- Assigned task
Using the data below, reproduce exactly the lines from the line with "陈昌凤教授以国内外生成式人工" to the line with "Webinar Zoom yang", both included; pictures must be dropped.

- Supplied material
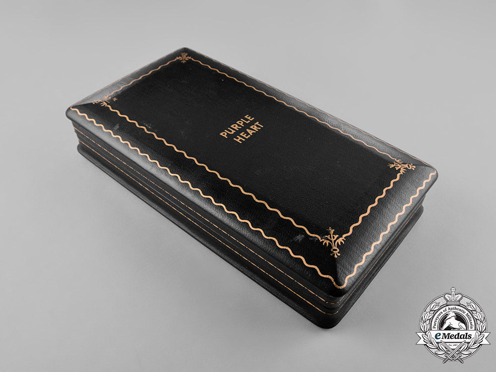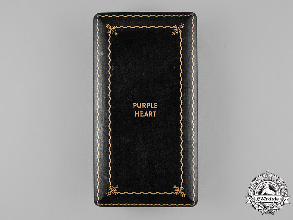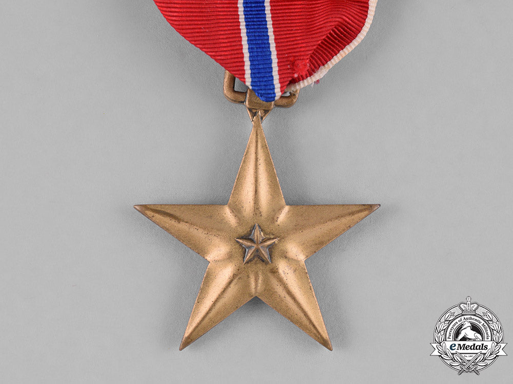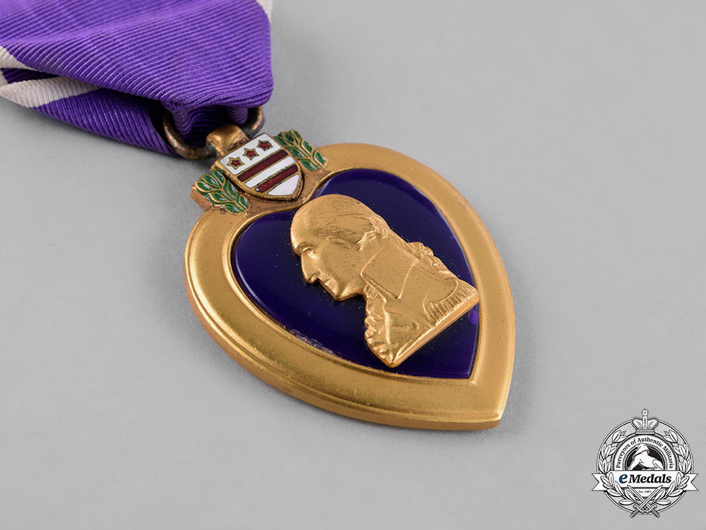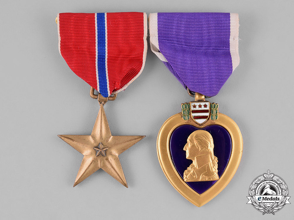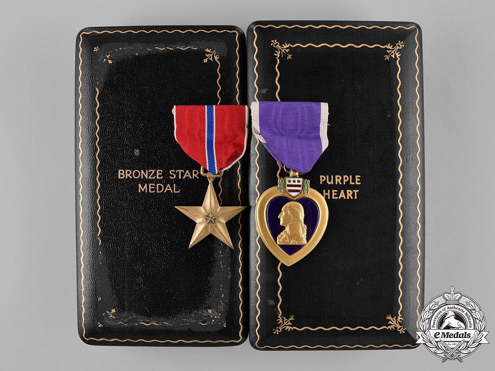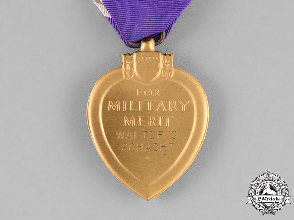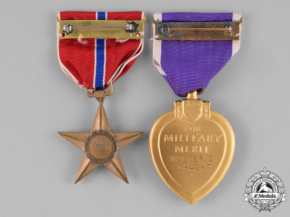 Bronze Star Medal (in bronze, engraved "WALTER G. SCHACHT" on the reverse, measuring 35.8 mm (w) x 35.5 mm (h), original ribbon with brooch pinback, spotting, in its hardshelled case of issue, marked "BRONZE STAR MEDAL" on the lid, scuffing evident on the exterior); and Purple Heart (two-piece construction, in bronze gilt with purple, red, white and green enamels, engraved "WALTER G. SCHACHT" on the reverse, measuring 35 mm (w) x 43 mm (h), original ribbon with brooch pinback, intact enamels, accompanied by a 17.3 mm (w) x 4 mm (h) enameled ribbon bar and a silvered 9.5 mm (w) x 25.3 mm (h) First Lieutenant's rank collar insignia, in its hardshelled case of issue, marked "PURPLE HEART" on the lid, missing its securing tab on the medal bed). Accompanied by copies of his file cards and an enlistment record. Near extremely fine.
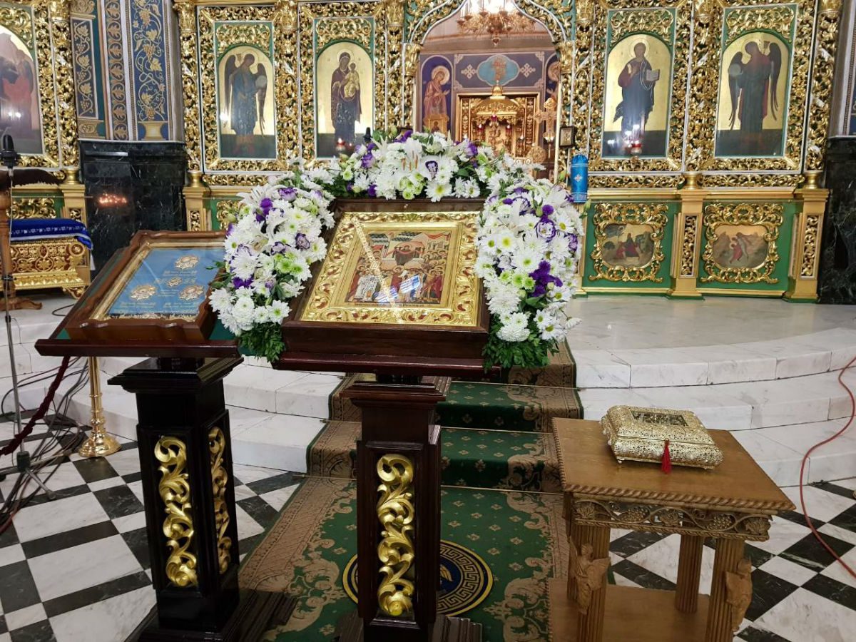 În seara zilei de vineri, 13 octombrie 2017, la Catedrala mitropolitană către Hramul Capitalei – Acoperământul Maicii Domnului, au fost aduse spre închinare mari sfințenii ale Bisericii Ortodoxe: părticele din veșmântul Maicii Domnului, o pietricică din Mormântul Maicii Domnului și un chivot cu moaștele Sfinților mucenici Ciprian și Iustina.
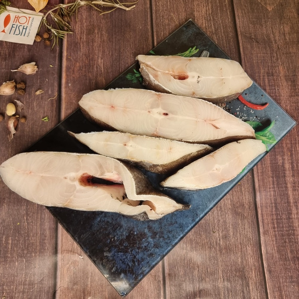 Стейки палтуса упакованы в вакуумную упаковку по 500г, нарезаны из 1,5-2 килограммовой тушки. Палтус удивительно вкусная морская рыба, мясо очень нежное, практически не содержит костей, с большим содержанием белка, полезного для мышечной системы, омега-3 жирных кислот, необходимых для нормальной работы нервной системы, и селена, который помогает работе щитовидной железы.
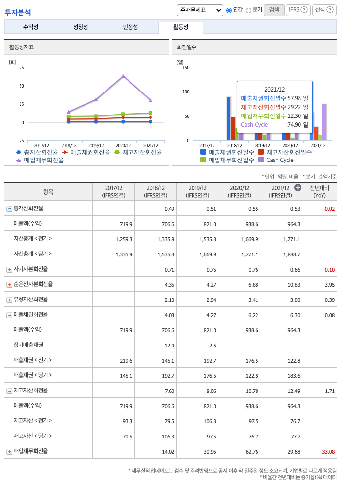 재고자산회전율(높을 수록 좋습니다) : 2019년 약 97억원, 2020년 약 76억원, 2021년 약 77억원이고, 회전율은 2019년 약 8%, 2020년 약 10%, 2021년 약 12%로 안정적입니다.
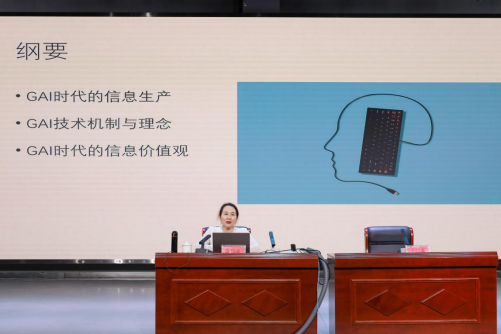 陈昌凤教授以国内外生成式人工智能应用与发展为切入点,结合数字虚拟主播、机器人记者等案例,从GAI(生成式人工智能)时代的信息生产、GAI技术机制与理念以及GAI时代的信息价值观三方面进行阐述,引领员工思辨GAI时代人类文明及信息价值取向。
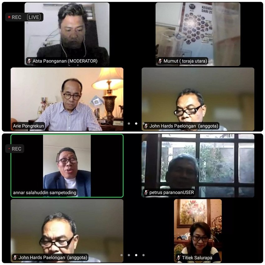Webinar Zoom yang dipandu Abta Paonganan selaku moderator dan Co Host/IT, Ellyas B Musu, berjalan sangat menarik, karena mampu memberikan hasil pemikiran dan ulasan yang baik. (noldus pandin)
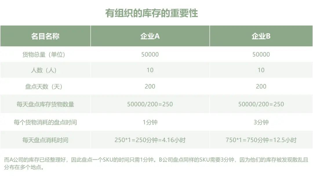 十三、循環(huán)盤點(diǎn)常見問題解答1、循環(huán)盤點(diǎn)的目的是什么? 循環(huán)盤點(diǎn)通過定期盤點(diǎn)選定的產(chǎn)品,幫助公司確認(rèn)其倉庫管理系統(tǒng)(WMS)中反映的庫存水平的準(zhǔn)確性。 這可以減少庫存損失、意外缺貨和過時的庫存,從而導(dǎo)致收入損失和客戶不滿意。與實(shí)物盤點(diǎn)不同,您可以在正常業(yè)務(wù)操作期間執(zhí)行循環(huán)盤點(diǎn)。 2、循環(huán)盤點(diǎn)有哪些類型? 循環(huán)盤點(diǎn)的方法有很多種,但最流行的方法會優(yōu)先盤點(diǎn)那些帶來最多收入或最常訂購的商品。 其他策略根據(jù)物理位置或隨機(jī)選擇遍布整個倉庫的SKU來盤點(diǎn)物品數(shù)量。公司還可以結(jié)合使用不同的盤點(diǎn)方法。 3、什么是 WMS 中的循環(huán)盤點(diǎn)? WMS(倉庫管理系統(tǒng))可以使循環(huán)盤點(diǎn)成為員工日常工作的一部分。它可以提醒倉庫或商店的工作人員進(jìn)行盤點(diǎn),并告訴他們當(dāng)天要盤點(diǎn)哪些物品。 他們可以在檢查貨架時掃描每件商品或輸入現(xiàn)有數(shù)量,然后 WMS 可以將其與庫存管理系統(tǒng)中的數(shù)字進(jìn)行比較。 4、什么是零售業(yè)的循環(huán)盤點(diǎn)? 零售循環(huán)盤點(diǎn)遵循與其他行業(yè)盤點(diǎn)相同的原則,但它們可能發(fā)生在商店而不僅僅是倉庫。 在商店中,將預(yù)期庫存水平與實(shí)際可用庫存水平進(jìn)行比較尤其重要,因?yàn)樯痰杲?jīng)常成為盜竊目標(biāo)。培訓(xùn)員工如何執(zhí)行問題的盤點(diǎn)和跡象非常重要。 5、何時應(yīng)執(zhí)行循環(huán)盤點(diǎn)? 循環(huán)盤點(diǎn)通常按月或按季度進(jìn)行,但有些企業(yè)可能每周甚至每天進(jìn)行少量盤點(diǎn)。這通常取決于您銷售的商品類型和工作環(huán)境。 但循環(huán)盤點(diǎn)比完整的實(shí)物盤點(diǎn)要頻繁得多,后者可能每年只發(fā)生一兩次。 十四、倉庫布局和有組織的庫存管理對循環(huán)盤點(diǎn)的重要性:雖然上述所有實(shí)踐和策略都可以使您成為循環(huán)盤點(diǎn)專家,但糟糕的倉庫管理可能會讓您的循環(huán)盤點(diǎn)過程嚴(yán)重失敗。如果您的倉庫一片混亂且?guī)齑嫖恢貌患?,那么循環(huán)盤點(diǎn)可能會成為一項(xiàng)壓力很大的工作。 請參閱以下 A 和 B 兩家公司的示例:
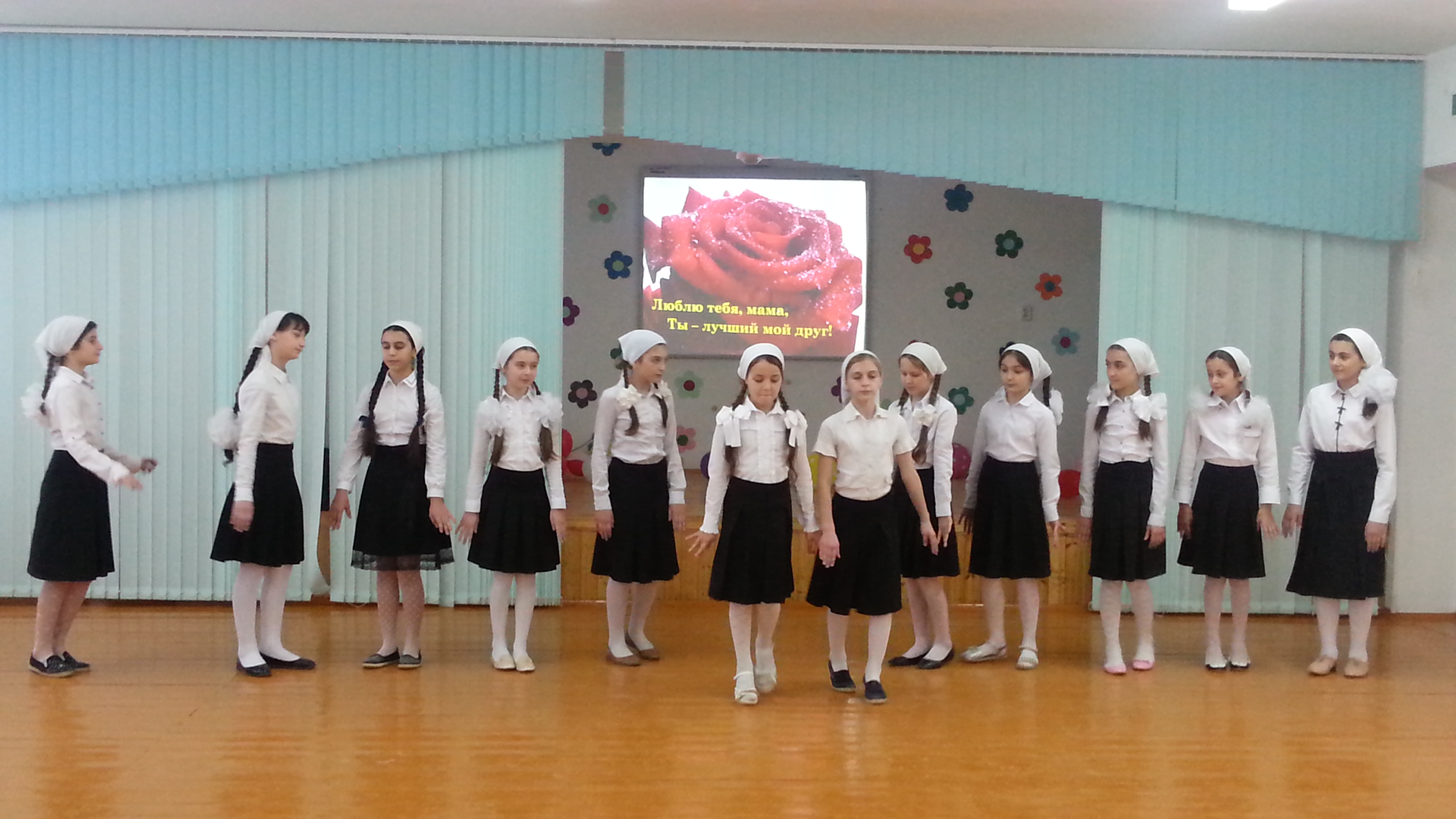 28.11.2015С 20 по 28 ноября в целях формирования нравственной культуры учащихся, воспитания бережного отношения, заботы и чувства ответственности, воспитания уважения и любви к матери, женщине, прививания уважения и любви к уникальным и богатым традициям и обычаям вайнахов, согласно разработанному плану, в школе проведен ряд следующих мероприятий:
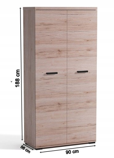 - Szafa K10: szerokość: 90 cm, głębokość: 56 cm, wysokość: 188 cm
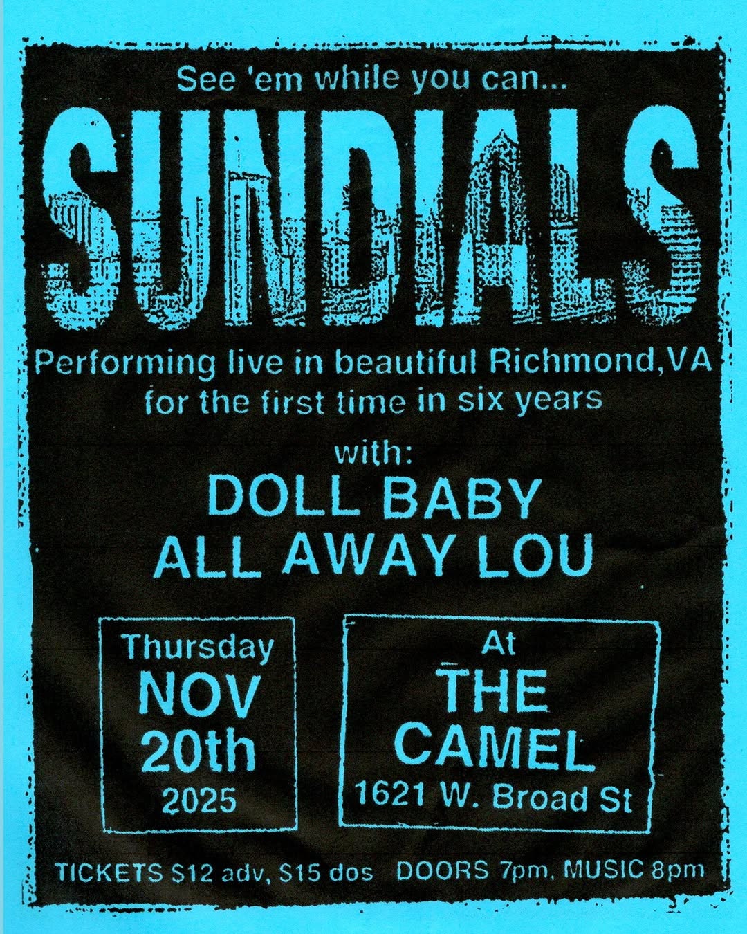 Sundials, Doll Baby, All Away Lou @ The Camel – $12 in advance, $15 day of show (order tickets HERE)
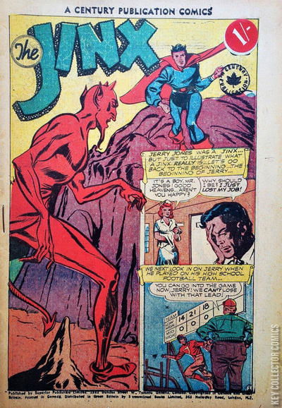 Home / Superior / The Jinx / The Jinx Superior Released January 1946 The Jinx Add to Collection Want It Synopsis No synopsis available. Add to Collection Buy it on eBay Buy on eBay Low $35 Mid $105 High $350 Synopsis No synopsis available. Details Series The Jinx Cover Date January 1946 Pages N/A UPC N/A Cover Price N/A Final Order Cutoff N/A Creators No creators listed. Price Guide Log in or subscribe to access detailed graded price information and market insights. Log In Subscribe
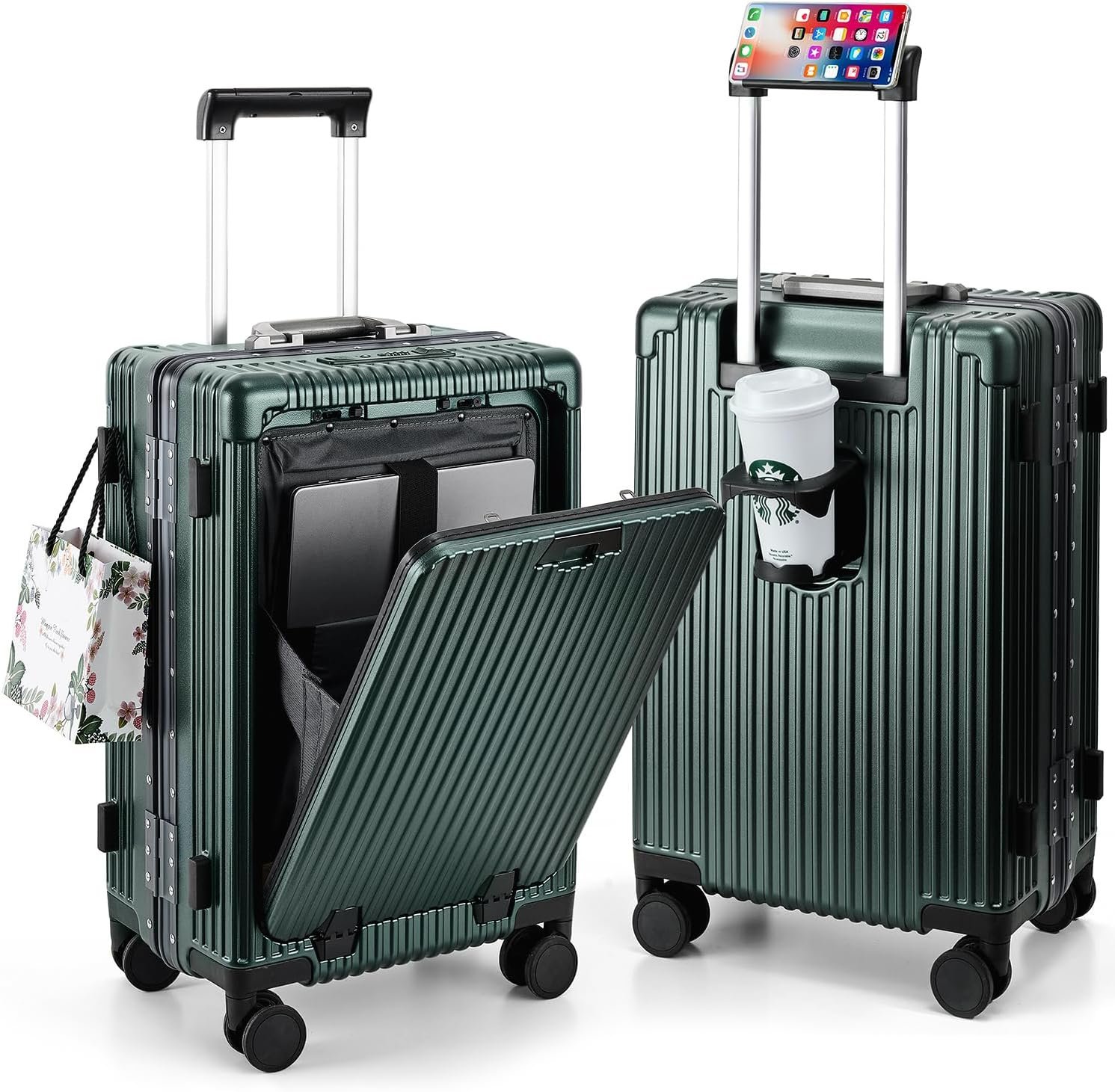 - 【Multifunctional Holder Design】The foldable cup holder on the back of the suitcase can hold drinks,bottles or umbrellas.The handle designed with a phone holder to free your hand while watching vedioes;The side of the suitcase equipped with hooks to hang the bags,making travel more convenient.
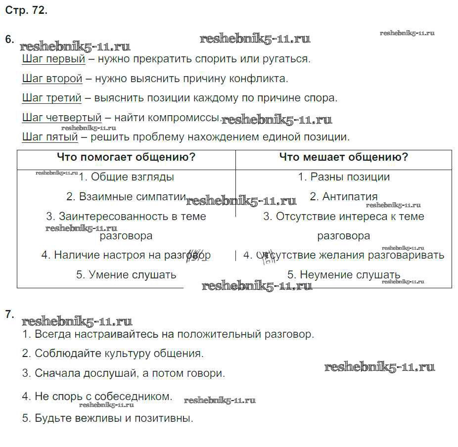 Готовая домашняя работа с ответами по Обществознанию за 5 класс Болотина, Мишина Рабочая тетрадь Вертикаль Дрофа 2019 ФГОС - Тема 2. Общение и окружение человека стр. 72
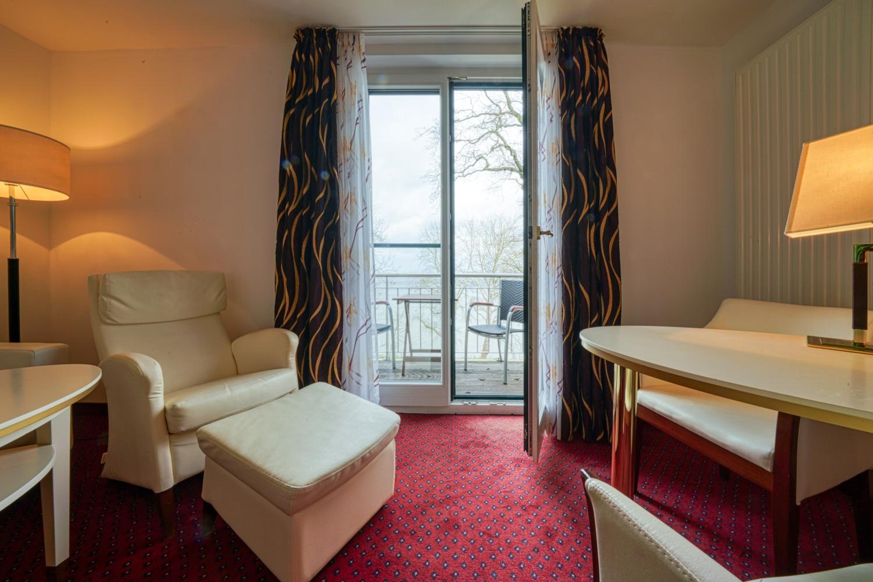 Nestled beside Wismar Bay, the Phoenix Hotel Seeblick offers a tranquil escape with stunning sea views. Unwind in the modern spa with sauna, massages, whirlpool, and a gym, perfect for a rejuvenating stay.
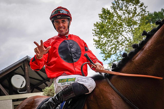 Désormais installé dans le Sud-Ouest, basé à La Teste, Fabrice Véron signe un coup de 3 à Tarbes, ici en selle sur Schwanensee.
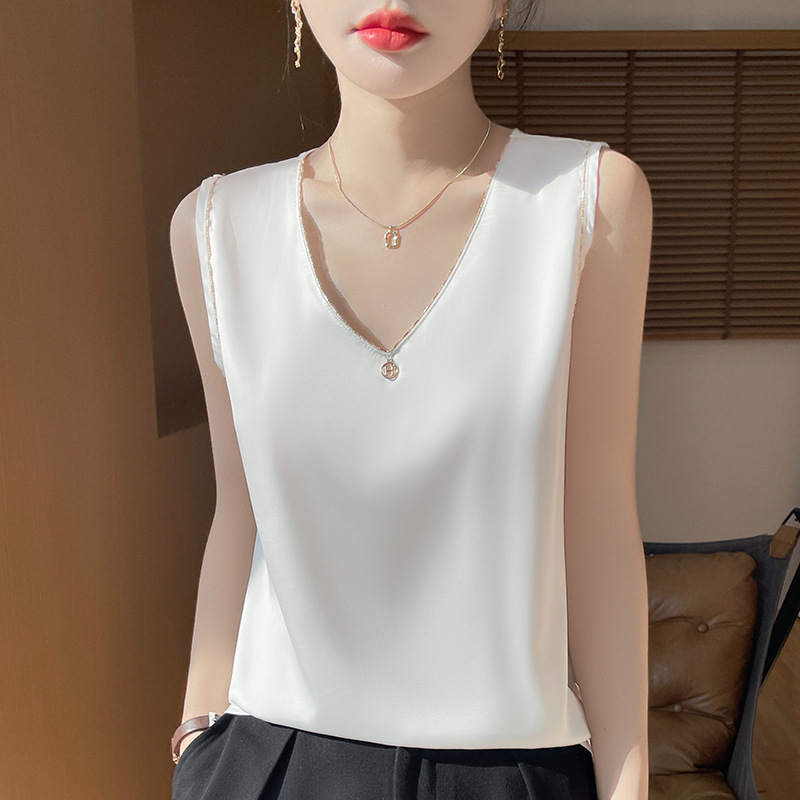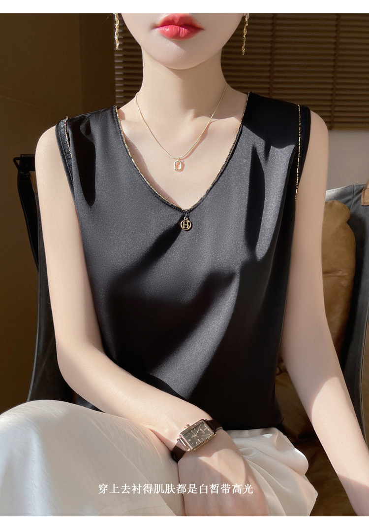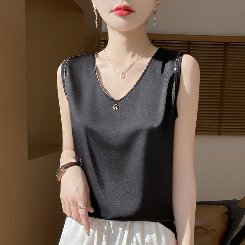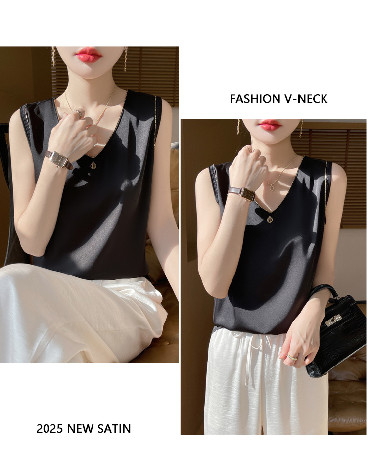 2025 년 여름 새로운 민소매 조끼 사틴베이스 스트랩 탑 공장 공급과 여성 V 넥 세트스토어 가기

- Solution below
 陈昌凤教授以国内外生成式人工智能应用与发展为切入点,结合数字虚拟主播、机器人记者等案例,从GAI(生成式人工智能)时代的信息生产、GAI技术机制与理念以及GAI时代的信息价值观三方面进行阐述,引领员工思辨GAI时代人类文明及信息价值取向。
Webinar Zoom yang dipandu Abta Paonganan selaku moderator dan Co Host/IT, Ellyas B Musu, berjalan sangat menarik, karena mampu memberikan hasil pemikiran dan ulasan yang baik. (noldus pandin)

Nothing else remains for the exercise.